Beloved Friends-

This Sunday we will gather once again through our sacred digital platform, Trinity@Home, at 9:00 (and anytime thereafter), and then again at 10:00 in-person for Trinity@316. In both settings we will sing, pray, hear the Good News of the gospel and then turn our hearts outwards to set out to do the work we have been given to do in the days ahead. If you come to the in-person service at Trinity@316 you will also have two additional reminders of our call, our vocation as Christians in the world. We will be offering the sacrament of baptism to our newest Trinity family member, one-month old, Luca Edward Tullis Chojnacky, and then, immediately following the service we will gather for a short Annual Meeting.

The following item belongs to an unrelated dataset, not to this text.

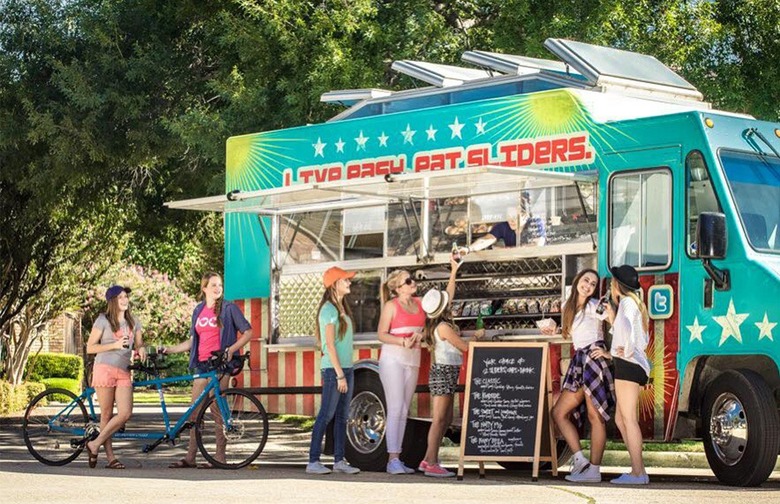 With perhaps one of the cleverest food truck names on this list, Easy Slider serves creative mini burgers that use certified Angus beef and farmers market produce out of their red, white, and electric blue vehicle. They introduce sweet flavors into savory sandwiches in not-too-sneaky ways: by using strawberry jam in their burger with bacon and goat cheese, peanut butter instead of cheese in their bacon burger, and sea salt caramel with grilled red onions in their Sugar Derby burger. You don't want to miss their Baby Bella, with a Texas-born portabella mushroom patty topped with the basic components of a caprese: mozzarella, tomato, and basil pesto.

I love thinking about what both things have in common; the confluence of past, present and future. When we stand together and offer the sacrament of baptism we are doing so as if we are standing in the middle of a stream. We are standing together at a very specific place and at a particular moment of time aware of all of those (upstream if you will) of those who have come before, as well as aware of how the water will continue to flow and reach those who are yet to gather here. The same is true for our Annual Meeting. Sunday will be the 181st gathering of Trinity as a faith community for an Annual Meeting- think about THAT for a minute! So many have come before us, and with God’s grace, so many will come after us as well. What an honor, privilege and responsibility it is to stand together in this stream right now.

This year’s Annual Meeting will be a time to give thanks for all the work and worship, fun and service we have, with God’s amazing grace, we have lived into together. We will also:

Approve by acclamation the slate of new Vestry members
Acknowledge and receive of our Annual Report
all in the context of giving God thanks and praise for another year of ministry together!

We are both the inheritors and bearers of a tradition that seeks to both honor the past and anticipate a hope-filled future. I am humbled and excited each day we take another step forward together in that reality.

Below is a wonderful poem I believe may help set the context for us as we prepare for our time together Sunday. My favorite line sums it up best for me as I continue to walk by your side day by day:
Let me keep my mind on what matters, which is my work,
which is mostly standing still and learning to be astonished.

More than ever, when I do stand still I find myself giving thanks for this community and the life we choose to live together in Christ. At every turn I see incarnate examples of God’s love and mercy. Looking back, when I stand still and pay attention to the multitude of expressions of how we have discovered and shared God’s love I am indeed astonished.

So come home this Sunday, to the community that needs what only you have to give.  Come stand next to and connect deeply with those who are willing to stand still with you so that together we can learn how to pay attention to the world’s needs as well as our own and be truly astonished together.

May you never forget that you are loved.

Lisa

Messenger
by Mary Oliver

My work is loving the world.
Here the sunflowers, there the hummingbird-equal seekers of sweetness.
Here the quickening yeast; there the blue plums.
Here the clam deep in the speckled sand.

Are my boots old? Is my coat torn?
Am I no longer young, and still not half-perfect?
Let me keep my mind on what matters, which is my work,
which is mostly standing still and learning to be astonished.
The phoebe, the delphinium.

The sheep in the pasture, and the pasture.

Which is mostly rejoicing, since all the ingredients are here,
which is gratitude, to be given a mind and a heart
and these body-clothes,
a mouth with which to give shouts of joy
to the moth and the wren,
to the sleepy dug-up clam,
telling them all, over and over, how it is that we live forever.